でもいいよね。ベルンだってグレンツェンだって、親の出張の時は家族で出かけるんだし。
ライラさんだって仕事ばっかりってわけじゃない。他の教官と交代で仕事をする。休暇を楽しむのも人生の醍醐味。
人生を楽しむために仕事があるのです。
バカンスだっていいじゃないか。
「言葉にはね、出さないほうがいいこともあるの」
「だよね。じゃあ聞かなかったことにする」
「すみれ、優しいなぁっ!」
これ、優しいっていうのかなぁ?
でもハグされるのは悪い気分じゃないので抱き返そうと思います。
はぎゅっ。
かぐわしいピッツァの香りがします♪
「ああ、ピッツァの香りもいいけど、そろそろお風呂に入りたいからみんなで月見酒しようぜ」
「月見酒、好きですね」
「なんかハマっちゃって」
分かります。
でも、
「私は冷たいミックスジュースをチョイスします」
今日は冷たくて甘い飲み物が欲しい気分です。
そしてもっともっとクロさんのお話しが聞きたいです。
頬から足の付け根にかけて伸びるバラの刺青の全容を知りたいです。
今はまだアルマちゃんと歓談中。魔法大好きっ子が書き記した情熱の片鱗。彼女が今まで実験してきた魔法の技術について質疑応答をしていた。

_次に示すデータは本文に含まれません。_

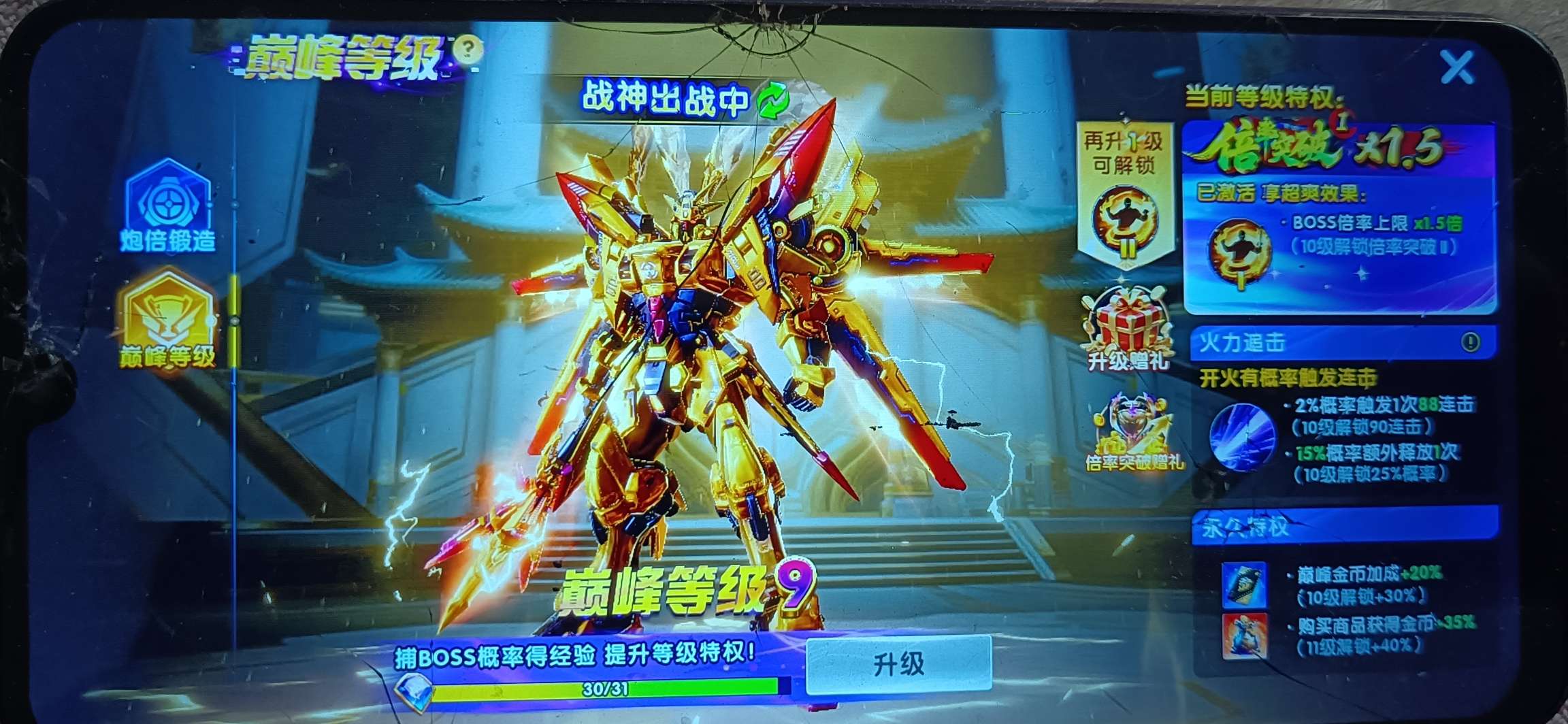无绑v1 6000炮 13900万亿 狂暴3100+ 巅峰9 临时战神 道具充足
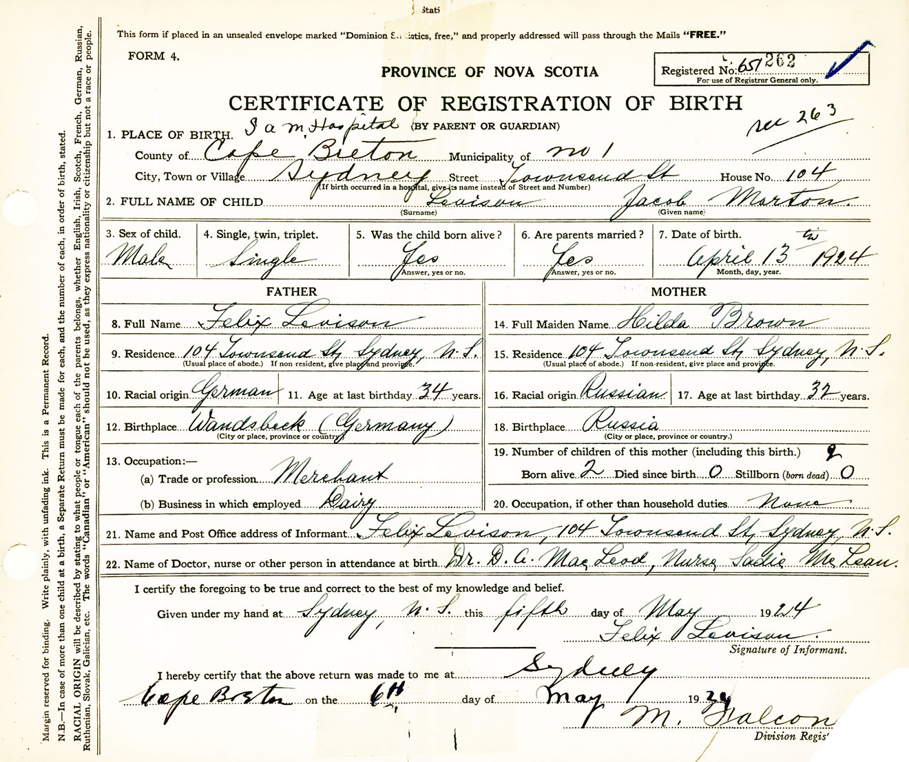 Male Birth Registration: Year: 1924 number: 65100262
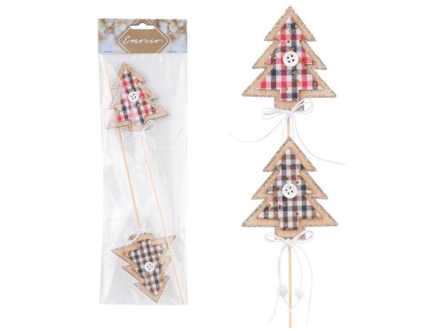 Dekorační dřevěný zápich s motivem stromku o rozměru 75×80 mm, upevněný na špejli pro snadné zapíchnutí. Balení obsahuje 2 kusy, barevné provedení je dodáváno v mixu přírodní, červené a hnědé barvy s jemným glitrem.
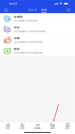 4、進入通知頁面看@我的評論點贊等通知,還能切換至通訊錄頁面,便于管理自身的社交關系。
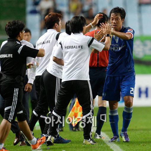 [전주=아시아경제 김현민 기자] 6일 전주월드컵경기장에서 열린 프로축구 'K리그 클래식 2014' 전북 현대와 수원 삼성의 경기에서 수원 염기훈이 프리킥 동점골을 성공시키고 코칭스텝과 하이파이브하고 있다.김현민 기자 kimhyun81@asiae.co.kr<ⓒ세계를 보는 창 경제를 보는 눈, 아시아경제(www.asiae.co.kr) 무단전재 배포금지>

冒険者なら誰でも閲覧可能な魔導書庫。基礎的な魔法から応用編まで。ありとあらゆる魔法が書きなぐられている。
メリアローザで研鑽した魔法にくわえ、グレンツェンで仮説を立て、実証実験をした魔法の蔵書が増え続けた。
さすがアルマちゃん。魔法にかける情熱たるや尊敬に値する。